The worst countries in the world in terms of probability of defaulting on the repayment of their debts is as follows:

  • Argentina is in 1st position and is currently the country that is most likely to default on its debt repayment in the world. It has a CPD of 81.62% and it was also in the same position last year. Argentina has been unable to meet debt repayments since 2001, defaulting as from 2002 on its external debt. Capital fled Argentina and brought about growing problems of borrowing money from that date onwards.
  • Cyprus remains in 2nd position again this year with a CPD of 65.51%. Cyprus was downgraded to junk status by rating agencies and it became impossible to find funding overseas. A €10-billion bailout was provided in March 2013 (on the proviso that the 2nd largest bank, Cyprus Popular Bank, would be closed down).
  • Venezuela is in third position and moves from last year’s 4th position with a CPD of 51.36% chance of defaulting. The presidential elections that took place in April were mired in doubts about the legitimacy of Maduro’s election. There are growing concerns over his ability to implement economic policies that are undermining governability of the country.
  • Greece is a new entry into the listing in 4th position and it has a CPD of 48.56%. Greece’s coalition government is in disarray. The people have taken to the streets amidst the crisis of the laying off of thousands of public service workers and their redeployment to other sectors.

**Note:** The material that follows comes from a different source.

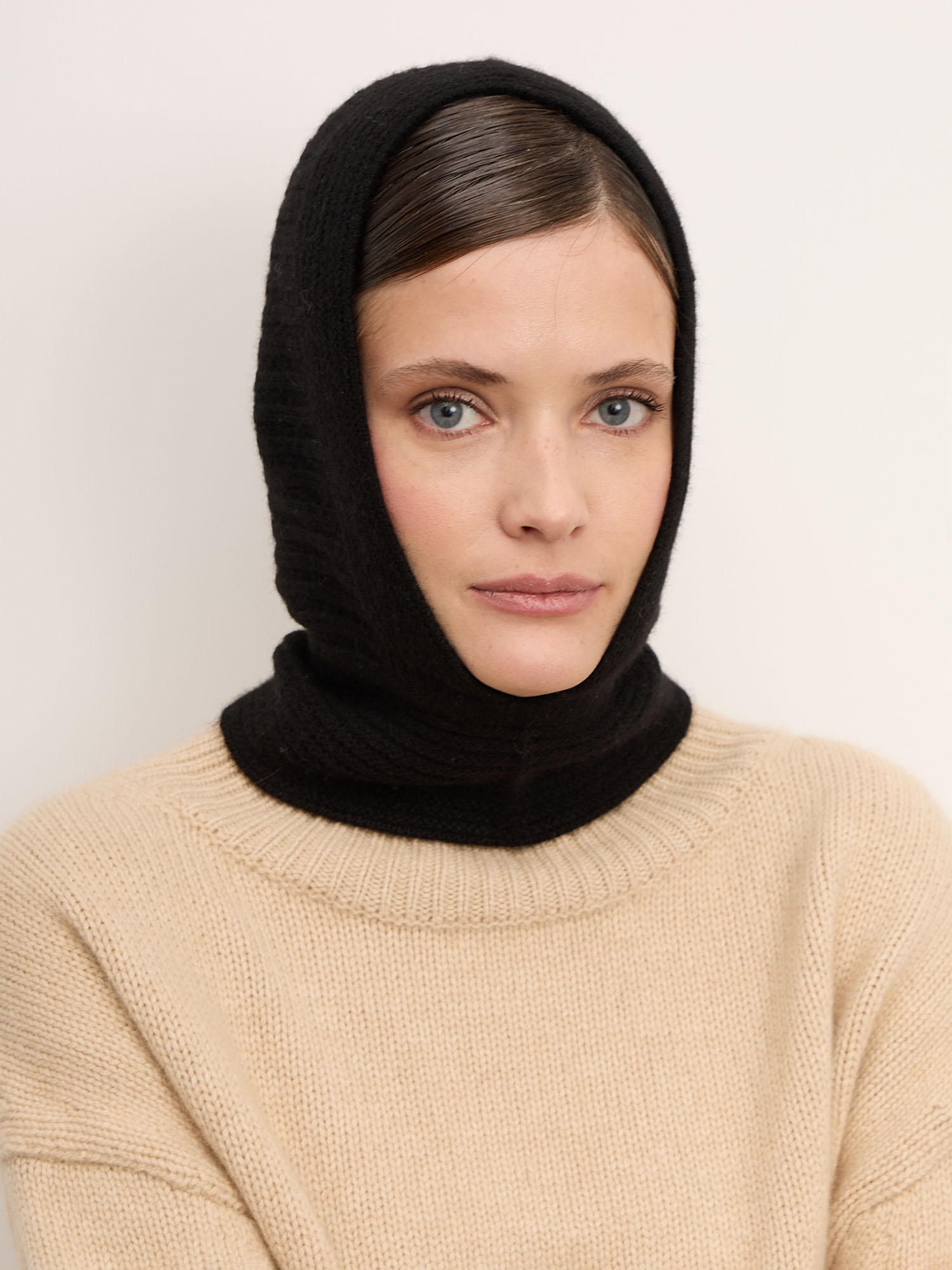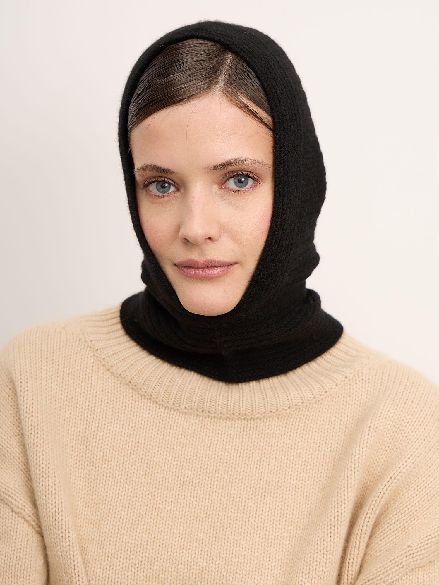 Балаклава выполнена из тонкого кашемирового трикотажа с эластичной вязкой, которая мягко облегает контуры головы и шеи. Лаконичный дизайн без лишних деталей делает изделие универсальным — оно легко сочетается с любой верхней одеждой и подходит как для повседневных, так и для городских образов.
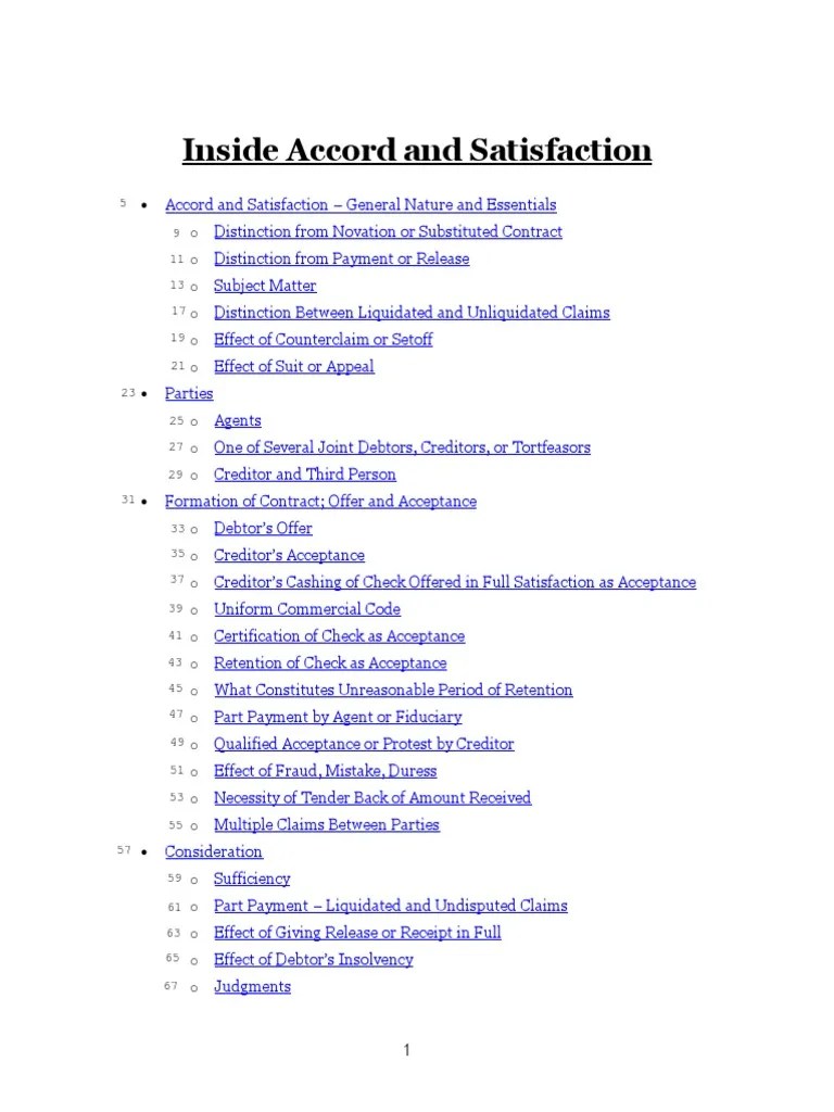 Web usually, accord and satisfaction deals with a debtor’s offer of payment and a creditor’s acceptance of a lesser amount than the creditor originally claimed to be owed. Web accord and satisfaction is a term in contract law that refers to the acceptance of some new form of compensation in place of the original obligation that was created by a..

Unemployment has hit record levels and in particular youth unemployment which is reaching 60%.
  • Egypt remains in position 5 from last year with a CPD of 46.39%. New political volatility in Egypt means that there is still risk of defaulting on the payments. Furthermore, the economy there has seen very little change at all since Mohammed Morsi was voted into power. Now that he has been ousted, there is growing concern that this will worsen the situation of uncertainty in the country. Total foreign debt currently stands at $44 billion (94% of GDP) and this now looks set to rise in the wake of the coup.
  • Pakistan has a CPD of 45.79% and that is an improvement of 3 places from last year’s position 3. Their bad rating is due to political instability and falling currency reserves in the country. Also, the country will have to pay back $7.5 billion before 2015 to the International Monetary Fund. The ability to take economically-sound decisions is also hindered by the intertwined judiciary, the military and corrupt political leaders.
  • Ukraine moves up from being ranked 6th last year to 7th place this year with a CPD of 44.25%.
  • Portugal also moves up one place from 7th to 8th place with a 30.32% probability of defaulting. Portugal has also seen political tensions over the past few months. Borrowing costs have risen in the last few days to a 7-month high amid demands by Socialist opponents to the government to renegotiate the bail-out deal (€78 billion) with the EU. Unemployment is also at a record high of 18%.
  • Lebanon remains in 9th place with a 29.55% probability. Lebanon’s borrowing cost has increased to record levels over the past ten months as Hezbollah has joined in the war in Syria. The cost of ensuring the debt (which stands at $34 billion) increased as a consequence. This is the single-most important factor of risk for the world: the fact that Lebanon may be dragged into the Syrian conflict more and more.
  • Iraq is a new entry in 10th place with a 27.93% CPD.



So, the least risky countries are the Scandinavians and the worst countries in terms of defaulting are Latin American countries today in the 2nd quarter of 2013. How long will it stay that way? The problem with risk is that the countries that are the ones that have the highest risk of defaulting will no longer be able to find financing, or at most with great difficulty. That means that their situations will only become worse.